Okay, so Japanese treat Zainichi like shit. I'm not going to argue that,
because it's obvious. But what you're saying here has not been true for
_decades_. There is a path to Japanese citizenship for every Zainichi living
in Japan, should they choose to take it, and it is no more or less onerous for
them than it is for anyone else.

That is not to say that Zainichi have it easy in Japan today. They do not. But
this isn't the first time I've read even on HN, that the Japanese government
keeps Zainichi in some sort of permanent nationality limbo, and this is simply
not the case. Japan does require renouncing your current citizenship as part
of the path to Japanese citizenship, but they are not the only nation to do
this, and it is certainly not something they require _only_ of Zainichi.

------
jotm
They really glance over the fact that he had patented inventions, connections
and quite a bit of money made before going back to Japan and starting
Softbank. Still, good story...

------
curiousjorge
I have no doubts in the entrepreneurial abilities from Japan but one questions
if maybe, there's a limit to it seeing that so many past American acquisitions
by Japanese buyers have been nothing short of horrible. Recall that Masayoshi
bought Sprint and it's now less than half what he original paid for which was
close to 30 billion as I remember. More recently the acquistion of Financial
Times by Nikkei for over a billion dollars (during times of declining
subscription and falling ad revenues, washington post was 5 bought for times
less to Bezos).

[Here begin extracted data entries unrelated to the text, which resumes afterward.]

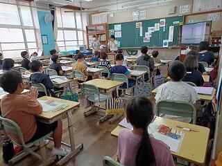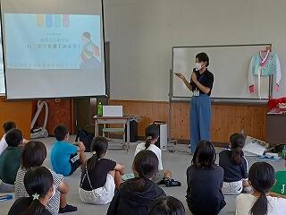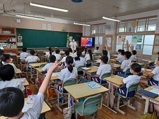 今日は、4年生の総合的な学習の時間に日南市役所市民生活部美化推進課の職員2名を講師にお招きして、ゴミの減量リサイクルについての学習をしました。日南市のゴミ収集の仕方や4R:リフューズ(Refuse)・リデュース(Reduce)・リユース (Reuse)・リサイクル(Recycle)について学びました。既に社会科で学習していたこともありましたが、子ども達は真剣に話を聞いていました。これまでの大量消費社会から資源循環型社会へ、一人一人ができることを取り組んでいくことが大切だということを教えていただきました。ゴミの減量についてご家庭でも話し合ってみてください。最後にエコバックをプレゼントしていただきました。貴重なお話からお土産まで、ありがとうございました。
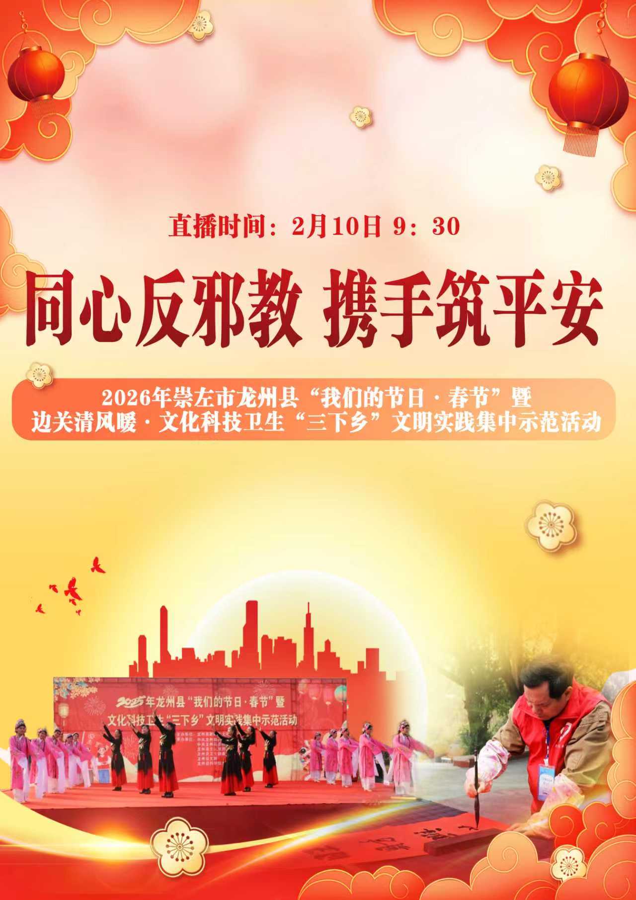 【直播预告】同心反邪教·携手筑平安——龙州县春节文明实践盛会邀您云端相聚
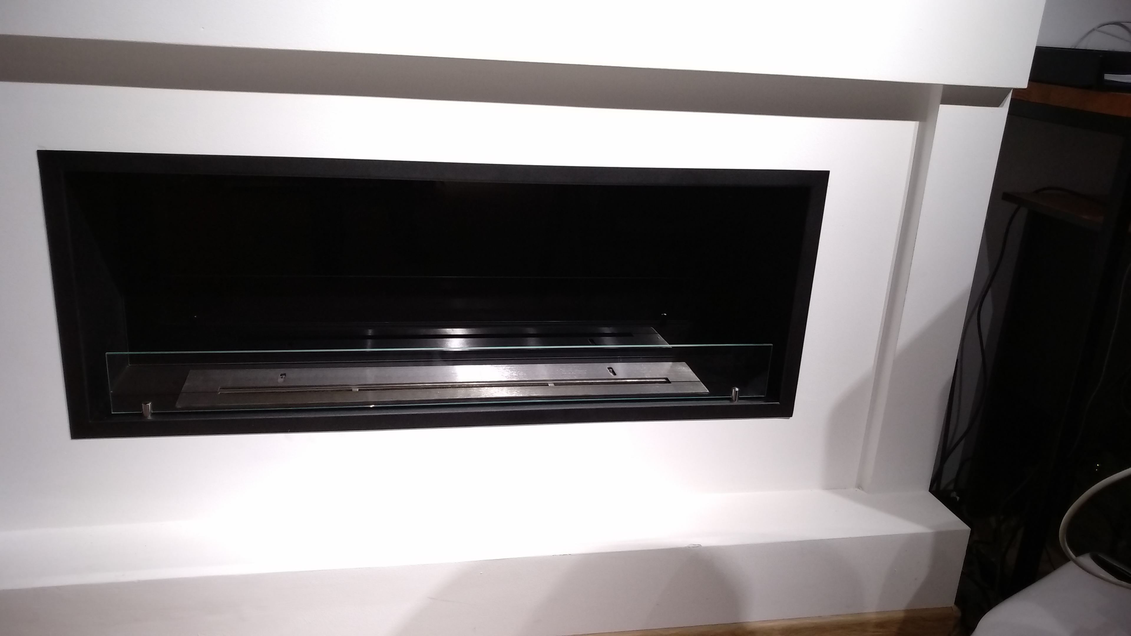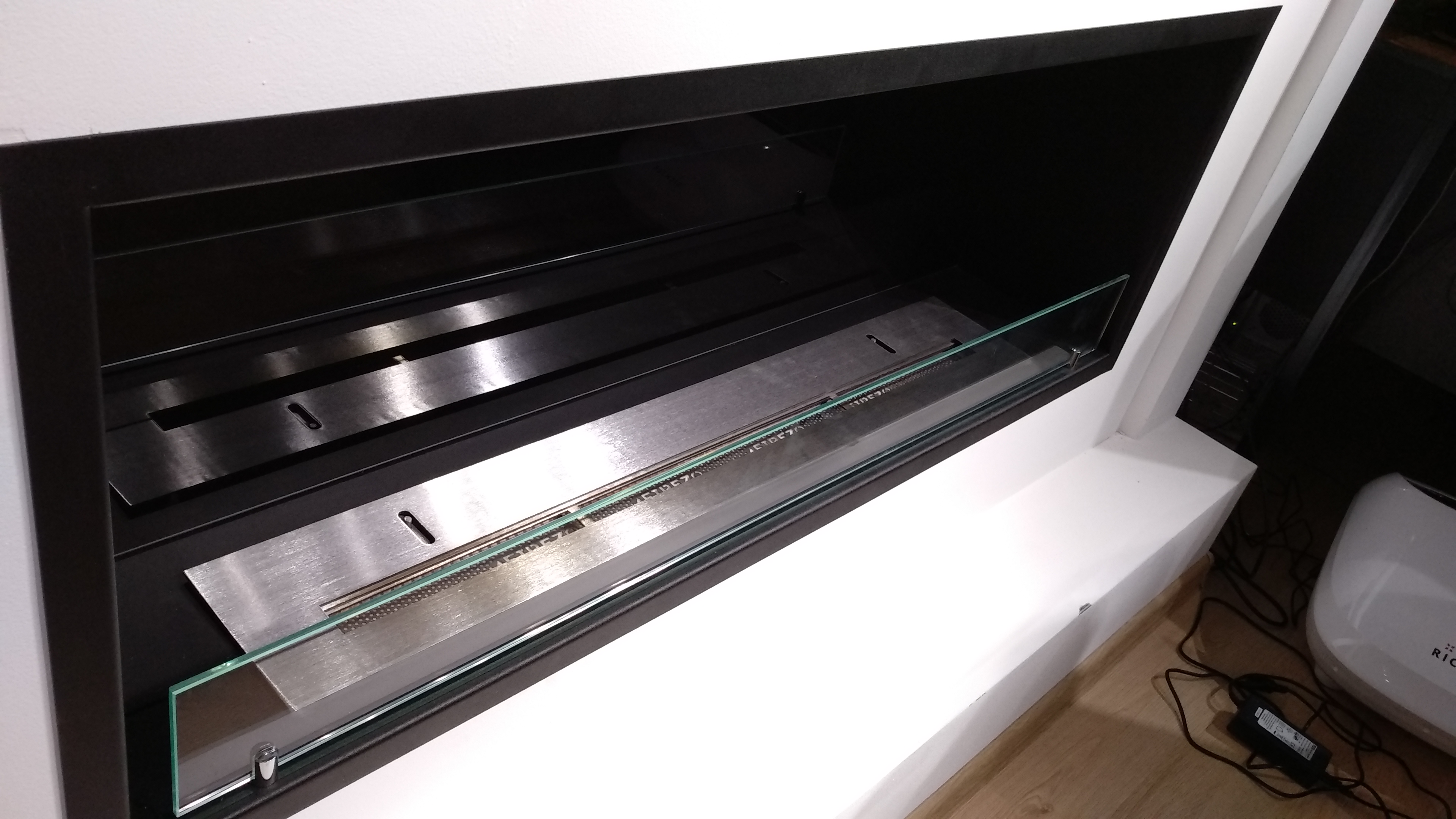 Встраиваемый биокамин с размерами корпуса ДхВхГ 1210х450х250 мм. Изготовлен из стали толщиной 2 мм. Окрашен черной порошковой краской с фактурой Муар. На заднюю стенку вклеено стекло стемалит черного цвета, впереди установлено защитное стекло на стеклодержателях. Топливный блок с длинной линии огня 800 мм.

There are so many other poor acquisition strategies coming out
of Japan, I can't help but question if there's some inherent flaw to Japanese
thinking at least when it comes to market stategies. They almost certainly pay
a huge premium for no good reason, and are unable to spruce it up, either due
to incompatible culture or god knows what. California Golf, Docomo, Lehman
Brothers in 2008 by Nomura Securities (which have wiped out it's own shares),
there's quite a list of acquisitions that have proven to be disastrous for
these Japanese firms.